RobotRulesParser
----------------
Key: NUTCH-101
URL: http://issues.apache.org/jira/browse/NUTCH-101
Project: Nutch
Type: Bug
Components: fetcher
Versions: 0.7, 0.8-dev
Reporter: Fuad Efendi
I noticed this code in protocol-http & protocol-httpclient plugins:
} else if ( (line.length() >= 6)
&& (line.substring(0, 6).equalsIgnoreCase("Allow:")) ) {
However, according to the original 1994 protocol description, there is NO
"Allow:" field.

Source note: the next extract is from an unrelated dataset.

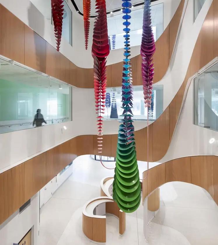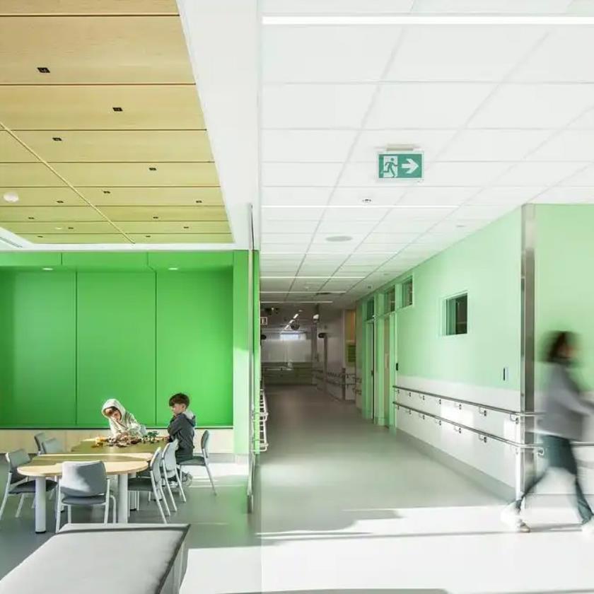 Uno degli aspetti più evidenti della strategia architettonica è la “sequenza di percorsi intuitivi” pensata per guidare utenti, famiglie e personale attraverso gli spazi. L’accesso principale è segnato da un’ampia hall di accoglienza caratterizzata da un’altezza libera maggiore rispetto ai piani di degenza: qui le superfici in legno e finiture calde si combinano con la luce naturale per mitigare l’esperienza spesso ansiogena di una struttura sanitaria. Il linguaggio materico utilizzato nelle aree comuni — tavole di legno, pavimenti chiari e finiture opache — contribuisce a creare una percezione di umanità e benessere, restituendo al visitatore uno spazio che è al tempo stesso clinico e accogliente.

To allow, simply use "Disallow: ".
http://www.robotstxt.org/wc/norobots.html
Please, try to test with www.newegg.com/robots.txt
- their site has this:
User-agent: *
Disallow:
And Nutch does not work with New Egg, but it should!
Sorry guys, I don't have enough time to double-ensure, could you please verify
all this...
I noticed strange discussion at nutch-agent:lucene.apache.org, it seems that we
need to test ......./robots.txt
User-agent: ia_archiver
Disallow: /
User-agent: Googlebot-Image
Disallow: /
User-agent: Nutch
Disallow: /
User-agent: TurnitinBot
Disallow: /
- everything according to standard protocol. Can you retest please whether it
works with multiline? It's a standard!
I see this in code:
StringTokenizer tok = new StringTokenizer(agentNames, ",");
Comma separated? It's not accepted standard yet...
Sorry WebExpertsAmerica, I really didn't have any time to make any test...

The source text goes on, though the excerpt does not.